::: DATASET RECORDS

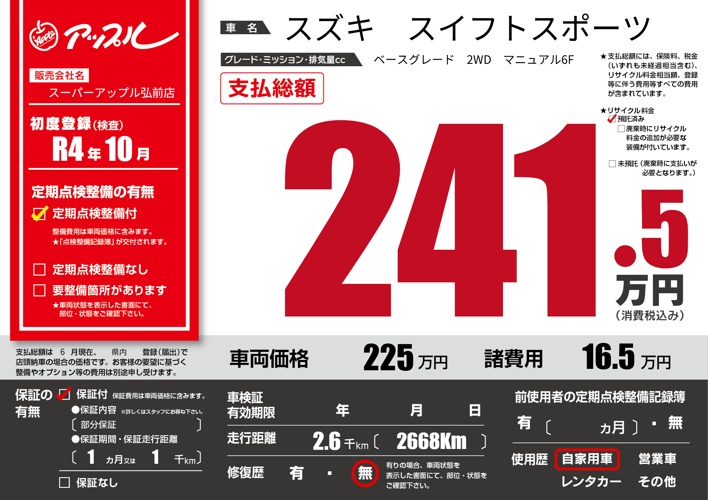 | 車名 | スズキ スイフトスポーツ | グレード ミッション 排気量 |
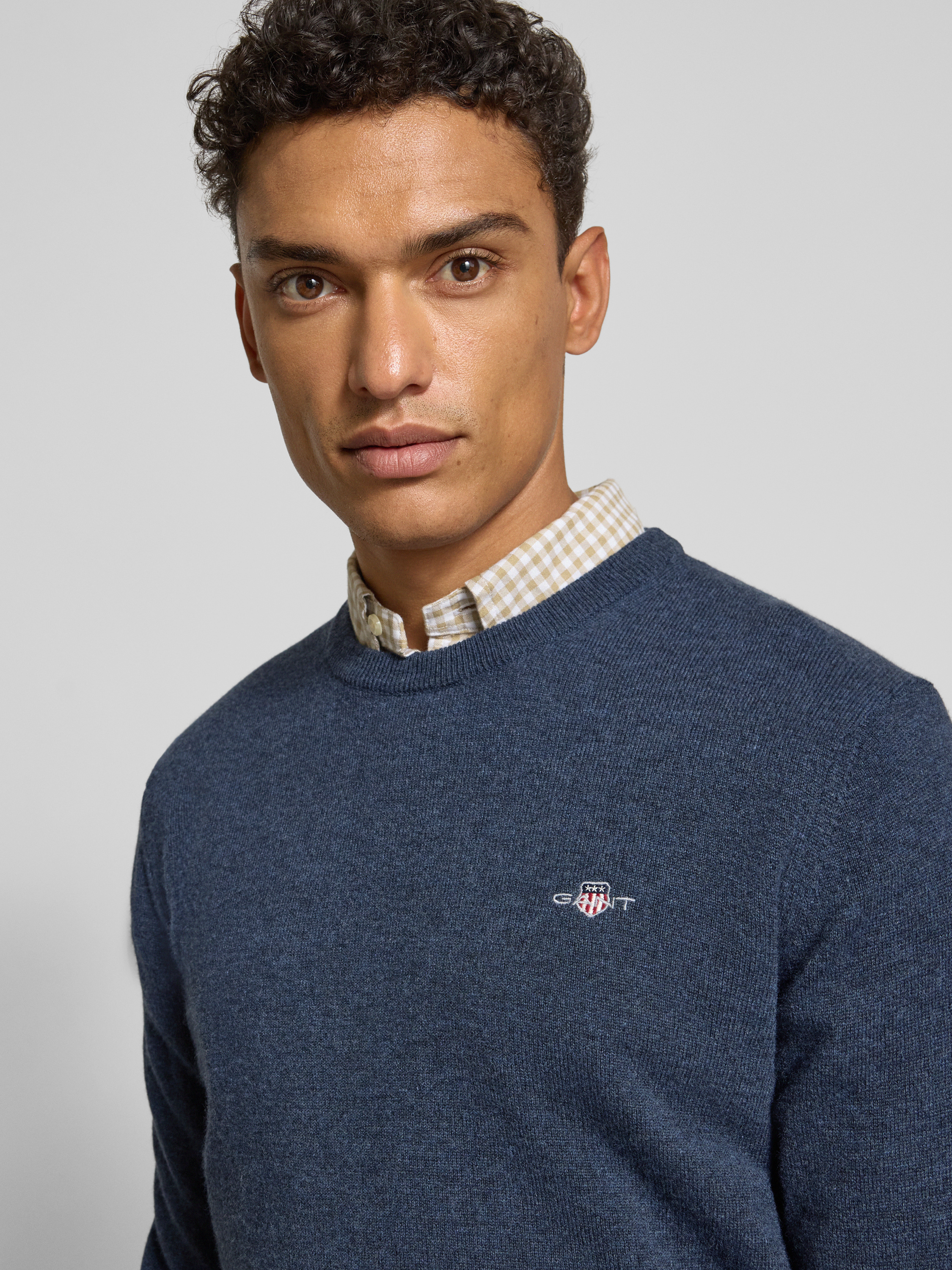 • Gant Strickpullover aus reiner Lammwolle mit gerippten Abschlüssen Marine Melange
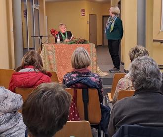 Zur diesjährigen Autorenlesung hatte das Büchereiteam Renate Eckert eingeladen. Die Autorin und frühere Journalistin ist als Mitglied der Schweinfurter Autorengruppe durch Lesungen und Veranstaltungen schon vielen Besucherinnen und Besuchern bekannt. Mitgebracht hatte sie ihren Unterfranken-Krimi „Schweigegebot“, bei dem es sich um eine fiktive Geschichte handelt, die aber auf einer wahren Begebenheit beruht, die vor einiger Zeit die Öffentlichkeit in Unterfranken erschütterte.
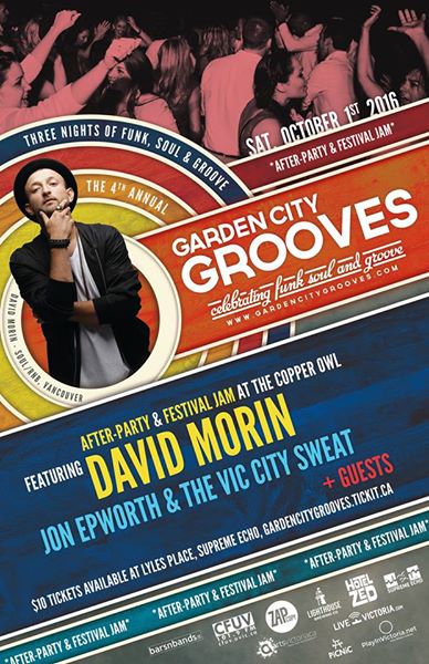 Garden City Grooves Festival AfterParty & Jam: David Morin, Jon Epworth and the VIc City Sweat, + special guests @ Copper Owl Oct 1 2016 - Feb 3rd @ Copper Owl
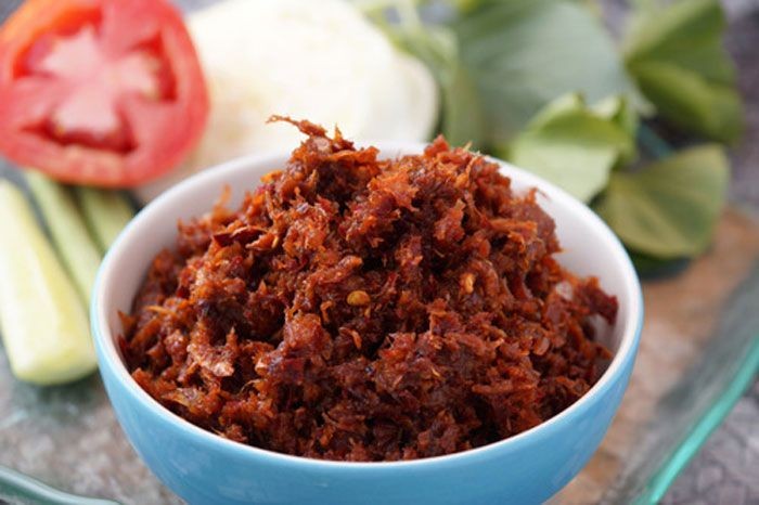 รับประทานกับผักนึ่ง เช่น ถั่วฝักยาว มะเขือยาว กะหล่ำปลี ผักกาด ผักกวางตุ้ง ฟักทอง หมูฮุ่ม ปลาบ้วง (ปลาช่อนแห้ง) นึ่ง

::::::

* [AIM OF THE EXERCISE]:
In the entries above, find the line containing "Zur diesjährigen Autorenlesung". Transcribe it and every later line to the end, exactly, and leave out the pictures.

* [SOLUTION TO THE PROBLEM]:
 Zur diesjährigen Autorenlesung hatte das Büchereiteam Renate Eckert eingeladen. Die Autorin und frühere Journalistin ist als Mitglied der Schweinfurter Autorengruppe durch Lesungen und Veranstaltungen schon vielen Besucherinnen und Besuchern bekannt. Mitgebracht hatte sie ihren Unterfranken-Krimi „Schweigegebot“, bei dem es sich um eine fiktive Geschichte handelt, die aber auf einer wahren Begebenheit beruht, die vor einiger Zeit die Öffentlichkeit in Unterfranken erschütterte.
 Garden City Grooves Festival AfterParty & Jam: David Morin, Jon Epworth and the VIc City Sweat, + special guests @ Copper Owl Oct 1 2016 - Feb 3rd @ Copper Owl
 รับประทานกับผักนึ่ง เช่น ถั่วฝักยาว มะเขือยาว กะหล่ำปลี ผักกาด ผักกวางตุ้ง ฟักทอง หมูฮุ่ม ปลาบ้วง (ปลาช่อนแห้ง) นึ่ง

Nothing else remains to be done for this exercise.